__WORK ITEM__
Please reproduce verbatim the lines below, from the first through the one with "هيئة علماء المسلمين".

Dataset entries
'''
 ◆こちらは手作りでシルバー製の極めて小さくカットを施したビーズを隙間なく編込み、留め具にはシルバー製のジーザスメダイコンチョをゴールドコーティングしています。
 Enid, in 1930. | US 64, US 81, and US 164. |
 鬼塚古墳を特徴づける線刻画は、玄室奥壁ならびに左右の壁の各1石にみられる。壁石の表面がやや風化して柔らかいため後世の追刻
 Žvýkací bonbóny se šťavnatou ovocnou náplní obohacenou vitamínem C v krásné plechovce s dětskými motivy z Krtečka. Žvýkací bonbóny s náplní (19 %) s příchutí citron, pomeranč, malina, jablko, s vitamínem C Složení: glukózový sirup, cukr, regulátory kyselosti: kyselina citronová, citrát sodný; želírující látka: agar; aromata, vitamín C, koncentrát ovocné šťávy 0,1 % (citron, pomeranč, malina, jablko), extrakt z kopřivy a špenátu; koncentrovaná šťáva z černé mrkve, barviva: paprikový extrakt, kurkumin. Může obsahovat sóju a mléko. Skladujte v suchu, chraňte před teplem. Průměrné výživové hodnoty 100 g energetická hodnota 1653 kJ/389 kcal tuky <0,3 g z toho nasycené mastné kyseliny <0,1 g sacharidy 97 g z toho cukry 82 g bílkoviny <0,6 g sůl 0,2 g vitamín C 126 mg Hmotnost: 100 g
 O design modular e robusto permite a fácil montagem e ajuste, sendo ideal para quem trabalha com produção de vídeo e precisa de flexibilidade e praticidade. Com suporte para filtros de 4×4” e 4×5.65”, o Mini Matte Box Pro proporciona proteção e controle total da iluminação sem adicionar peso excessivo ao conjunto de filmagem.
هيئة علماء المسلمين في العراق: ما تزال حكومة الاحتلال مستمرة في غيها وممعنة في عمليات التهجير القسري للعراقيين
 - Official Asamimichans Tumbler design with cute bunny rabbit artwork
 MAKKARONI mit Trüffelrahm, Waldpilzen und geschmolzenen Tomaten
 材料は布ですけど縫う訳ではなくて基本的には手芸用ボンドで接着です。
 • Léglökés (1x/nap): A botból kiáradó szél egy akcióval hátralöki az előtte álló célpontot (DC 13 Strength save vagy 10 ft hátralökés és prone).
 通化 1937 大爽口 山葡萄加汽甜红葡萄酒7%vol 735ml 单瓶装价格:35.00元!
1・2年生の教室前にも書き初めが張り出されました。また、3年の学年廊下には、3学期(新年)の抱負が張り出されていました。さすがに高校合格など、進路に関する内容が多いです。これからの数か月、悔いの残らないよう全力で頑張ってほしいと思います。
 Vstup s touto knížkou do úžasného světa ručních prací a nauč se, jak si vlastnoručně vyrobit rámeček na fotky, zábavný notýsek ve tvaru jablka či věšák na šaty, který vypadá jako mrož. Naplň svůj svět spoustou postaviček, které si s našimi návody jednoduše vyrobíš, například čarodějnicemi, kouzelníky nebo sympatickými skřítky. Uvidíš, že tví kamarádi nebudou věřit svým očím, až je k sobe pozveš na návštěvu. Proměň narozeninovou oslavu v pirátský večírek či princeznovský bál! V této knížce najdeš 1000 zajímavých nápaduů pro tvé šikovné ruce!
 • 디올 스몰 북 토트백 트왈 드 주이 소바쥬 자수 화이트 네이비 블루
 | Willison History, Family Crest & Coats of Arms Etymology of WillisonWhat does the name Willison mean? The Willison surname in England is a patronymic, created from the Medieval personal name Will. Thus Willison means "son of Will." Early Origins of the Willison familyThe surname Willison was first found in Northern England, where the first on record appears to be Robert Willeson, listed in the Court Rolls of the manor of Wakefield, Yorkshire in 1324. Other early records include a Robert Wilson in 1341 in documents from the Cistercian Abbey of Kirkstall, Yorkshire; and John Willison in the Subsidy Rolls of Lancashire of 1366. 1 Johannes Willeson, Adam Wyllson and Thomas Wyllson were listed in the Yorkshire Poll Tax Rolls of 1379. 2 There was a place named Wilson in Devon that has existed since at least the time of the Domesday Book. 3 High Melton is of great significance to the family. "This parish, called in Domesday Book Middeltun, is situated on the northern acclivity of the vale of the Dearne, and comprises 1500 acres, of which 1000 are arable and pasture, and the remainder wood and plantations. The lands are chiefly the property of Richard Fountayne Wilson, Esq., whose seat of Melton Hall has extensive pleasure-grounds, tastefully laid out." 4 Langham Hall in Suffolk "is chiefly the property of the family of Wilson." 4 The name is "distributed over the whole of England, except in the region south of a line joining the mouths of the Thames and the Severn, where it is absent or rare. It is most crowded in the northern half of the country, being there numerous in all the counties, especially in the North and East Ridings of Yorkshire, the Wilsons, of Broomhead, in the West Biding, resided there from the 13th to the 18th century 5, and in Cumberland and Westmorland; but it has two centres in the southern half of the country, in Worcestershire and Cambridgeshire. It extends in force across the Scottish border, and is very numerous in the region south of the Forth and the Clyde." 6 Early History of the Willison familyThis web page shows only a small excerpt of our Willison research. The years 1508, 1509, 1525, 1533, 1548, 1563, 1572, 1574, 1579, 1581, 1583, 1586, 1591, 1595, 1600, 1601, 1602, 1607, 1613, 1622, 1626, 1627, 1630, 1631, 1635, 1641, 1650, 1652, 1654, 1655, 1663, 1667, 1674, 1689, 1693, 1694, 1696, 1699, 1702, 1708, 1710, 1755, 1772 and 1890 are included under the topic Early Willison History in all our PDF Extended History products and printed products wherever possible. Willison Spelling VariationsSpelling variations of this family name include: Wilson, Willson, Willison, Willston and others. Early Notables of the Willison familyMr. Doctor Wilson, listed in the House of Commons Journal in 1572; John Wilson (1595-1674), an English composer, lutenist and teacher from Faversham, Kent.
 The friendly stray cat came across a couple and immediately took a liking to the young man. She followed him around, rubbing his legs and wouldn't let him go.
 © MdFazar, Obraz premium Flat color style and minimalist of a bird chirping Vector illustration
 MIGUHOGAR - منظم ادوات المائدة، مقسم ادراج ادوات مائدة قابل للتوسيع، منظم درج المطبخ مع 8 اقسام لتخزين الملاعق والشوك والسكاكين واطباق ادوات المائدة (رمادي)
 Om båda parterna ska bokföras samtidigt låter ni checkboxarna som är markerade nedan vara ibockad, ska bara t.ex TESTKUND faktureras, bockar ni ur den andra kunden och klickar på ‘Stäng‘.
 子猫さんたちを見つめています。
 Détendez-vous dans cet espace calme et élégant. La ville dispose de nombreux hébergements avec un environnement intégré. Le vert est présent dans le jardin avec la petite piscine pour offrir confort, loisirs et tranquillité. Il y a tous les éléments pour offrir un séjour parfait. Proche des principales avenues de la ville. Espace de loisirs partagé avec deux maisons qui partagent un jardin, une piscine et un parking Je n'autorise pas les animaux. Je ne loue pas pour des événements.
'''
__RESPONSE TO THIS TASK__
 ◆こちらは手作りでシルバー製の極めて小さくカットを施したビーズを隙間なく編込み、留め具にはシルバー製のジーザスメダイコンチョをゴールドコーティングしています。
 Enid, in 1930. | US 64, US 81, and US 164. |
 鬼塚古墳を特徴づける線刻画は、玄室奥壁ならびに左右の壁の各1石にみられる。壁石の表面がやや風化して柔らかいため後世の追刻
 Žvýkací bonbóny se šťavnatou ovocnou náplní obohacenou vitamínem C v krásné plechovce s dětskými motivy z Krtečka. Žvýkací bonbóny s náplní (19 %) s příchutí citron, pomeranč, malina, jablko, s vitamínem C Složení: glukózový sirup, cukr, regulátory kyselosti: kyselina citronová, citrát sodný; želírující látka: agar; aromata, vitamín C, koncentrát ovocné šťávy 0,1 % (citron, pomeranč, malina, jablko), extrakt z kopřivy a špenátu; koncentrovaná šťáva z černé mrkve, barviva: paprikový extrakt, kurkumin. Může obsahovat sóju a mléko. Skladujte v suchu, chraňte před teplem. Průměrné výživové hodnoty 100 g energetická hodnota 1653 kJ/389 kcal tuky <0,3 g z toho nasycené mastné kyseliny <0,1 g sacharidy 97 g z toho cukry 82 g bílkoviny <0,6 g sůl 0,2 g vitamín C 126 mg Hmotnost: 100 g
 O design modular e robusto permite a fácil montagem e ajuste, sendo ideal para quem trabalha com produção de vídeo e precisa de flexibilidade e praticidade. Com suporte para filtros de 4×4” e 4×5.65”, o Mini Matte Box Pro proporciona proteção e controle total da iluminação sem adicionar peso excessivo ao conjunto de filmagem.
هيئة علماء المسلمين في العراق: ما تزال حكومة الاحتلال مستمرة في غيها وممعنة في عمليات التهجير القسري للعراقيين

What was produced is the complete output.